A noncoding mediator of metastasis

To metastasize, cancer cells undergo dynamic shifts in phenotype called epithelial-to-mesenchymal transition (EMT) and its reverse process (MET). These phenotypic shifts are controlled in part by microRNAs (miRNAs), which, by binding to target transcripts, suppress the abundance of various proteins. By isolating tumor cells from the primary site, the circulation, and metastatic nodules in the lung in a mouse model of metastatic breast cancer, Zhou et al. found that the long noncoding RNA (lncRNA) H19 acted as a “sponge” for miRNAs to promote an epithelial or mesenchymal switch in tumor cells. In epithelial-like tumor cells in the primary and metastatic sites, H19 sequestered miR-200b/c, which ultimately inhibited the migration-related protein ARF. In mesenchymal-like, disseminated cells in the circulation, H19 sequestered let-7b, ultimately activating ARF. H19 abundance was greater in metastatic than in nonmetastatic human tumors. These findings reveal a previously unknown mediator of the EMT/MET phenomenon in metastasis.

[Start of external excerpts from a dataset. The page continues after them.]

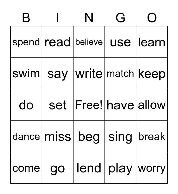 This bingo card has a free space and 34 words: talk, play, conque, see, dance, say, learn, come, read, scream, write, believe, catch, hit, have, keep, go, do, miss, sing, beg, obey, spend, allow, lend, worry, use, get, match, swim, sink, set, break and cling.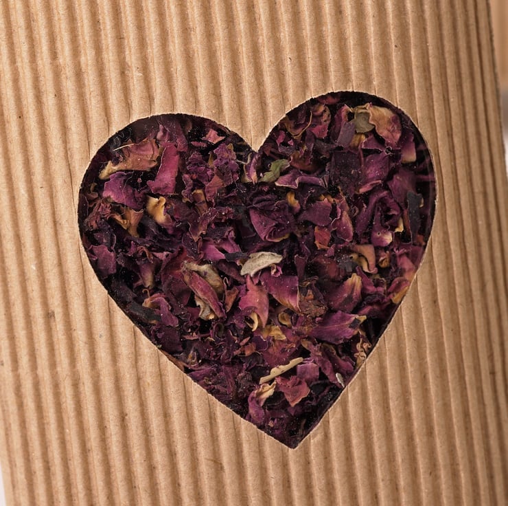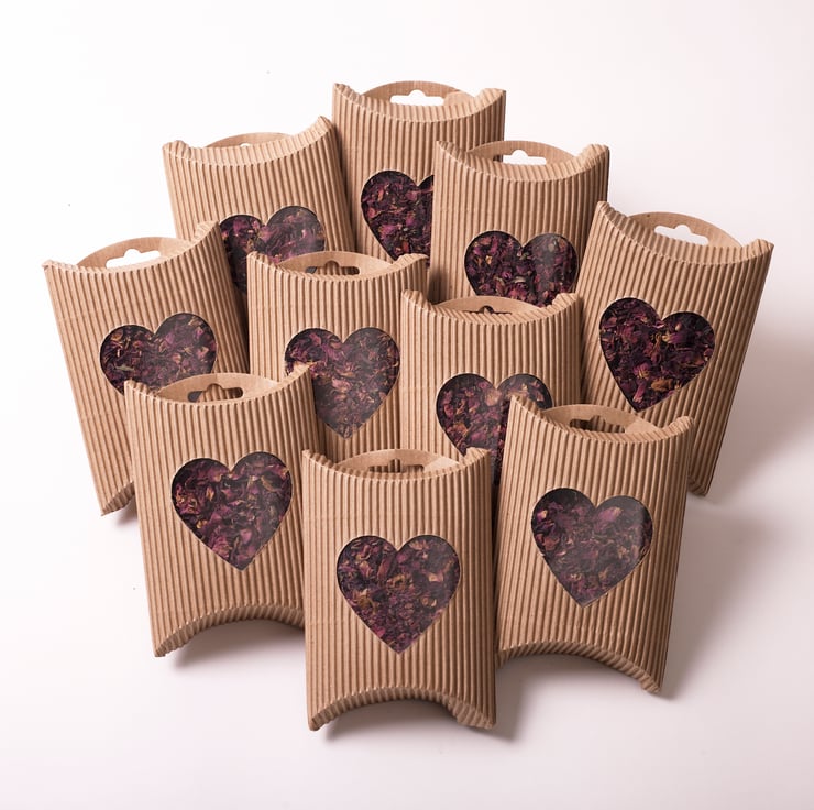 Dried rose petal confetti is packaged in kraft paper pouches with clear heart shaped window.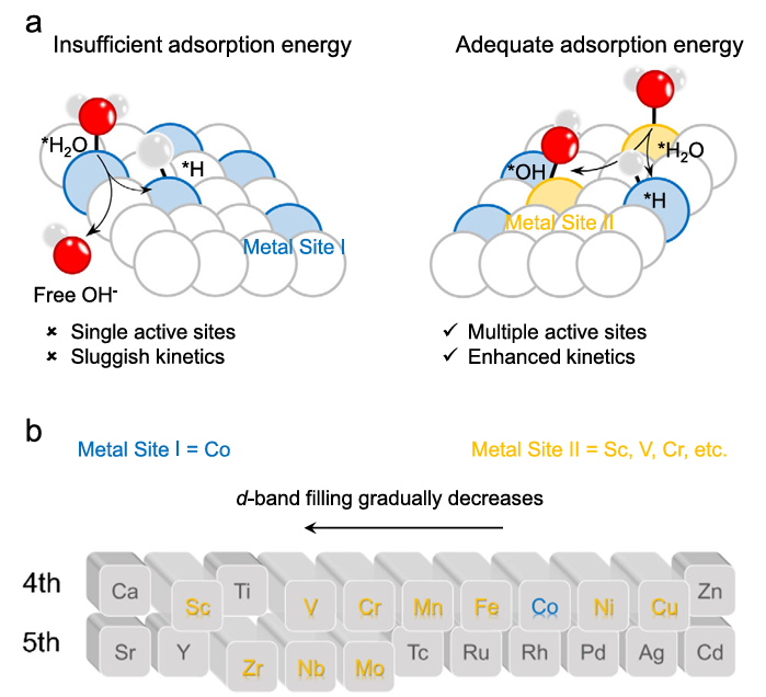 图1:碱性介质中HER Volmer步骤的H2O解离过程示意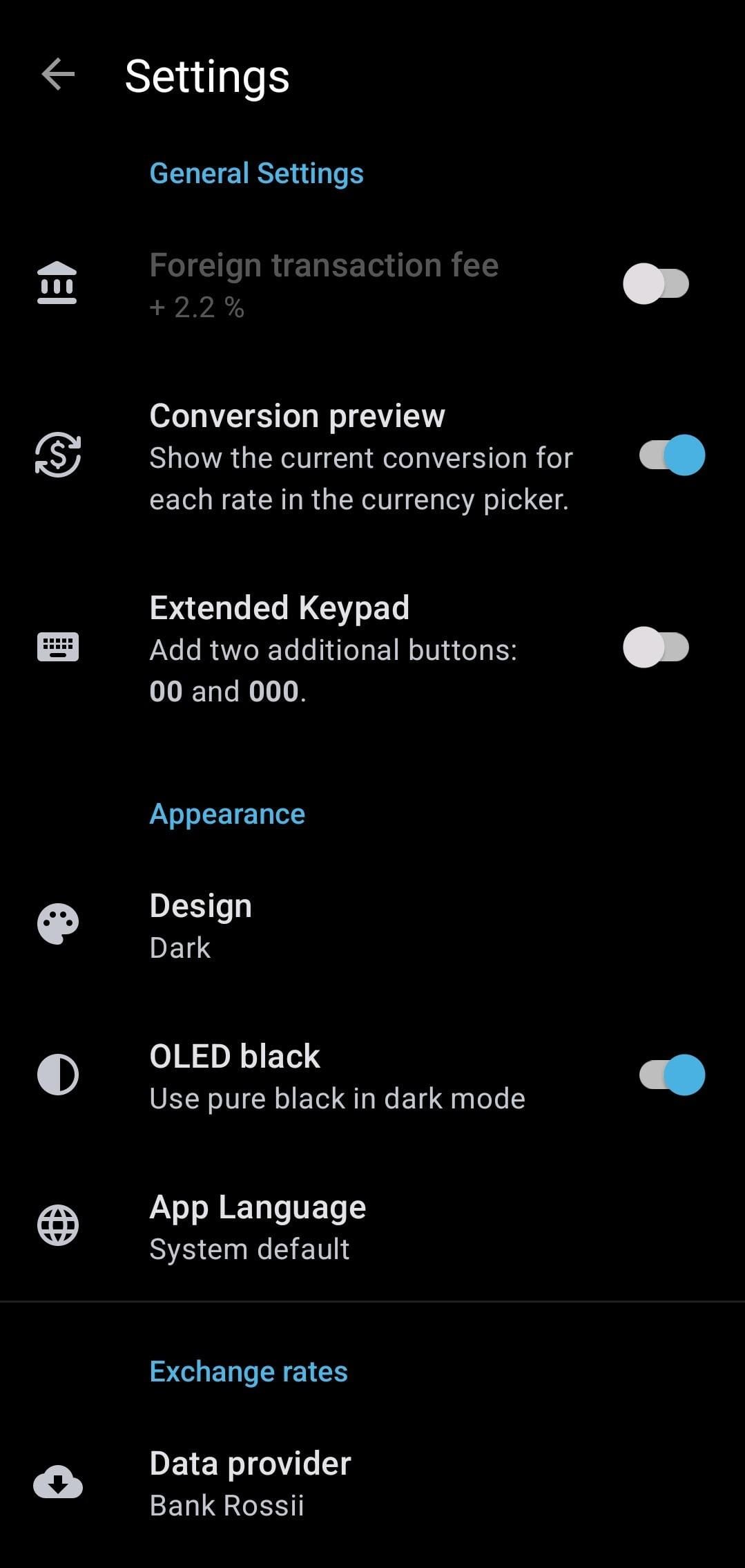 It also has some other useful options to enable previews of conversions in the currency list, extend the number pad, use a pure black skin for OLED displays, and some language controls.

Metastasis is a multistep process by which tumor cells disseminate from their primary site and form secondary tumors at a distant site. The pathophysiological course of metastasis is mediated by the dynamic plasticity of cancer cells, which enables them to shift between epithelial and mesenchymal phenotypes through a transcriptionally regulated program termed epithelial-to-mesenchymal transition (EMT) and its reverse process, mesenchymal-to-epithelial transition (MET). Using a mouse model of spontaneous metastatic breast cancer, we investigated the molecular mediators of metastatic competence within a heterogeneous primary tumor and how these cells then manipulated their epithelial-mesenchymal plasticity during the metastatic process. We isolated cells from the primary mammary tumor, the circulation, and metastatic lesions in the lung in TA2 mice and found that the long noncoding RNA (lncRNA) H19 mediated EMT and MET by differentially acting as a sponge for the microRNAs miR-200b/c and let-7b. We found that this ability enabled H19 to modulate the expression of the microRNA targets Git2 and Cyth3, respectively, which encode regulators of the RAS superfamily member adenosine 5′-diphosphate (ADP) ribosylation factor (ARF), a guanosine triphosphatase (GTPase) that promotes cell migration associated with EMT and disseminating tumor cells. Decreasing the abundance of H19 or manipulating that of members in its axis prevented metastasis from grafts in syngeneic mice. Abundance of H19, GIT2, and CYTH3 in patient samples further suggests that H19 might be exploited as a biomarker for metastatic cells within breast tumors and perhaps as a therapeutic target to prevent metastasis.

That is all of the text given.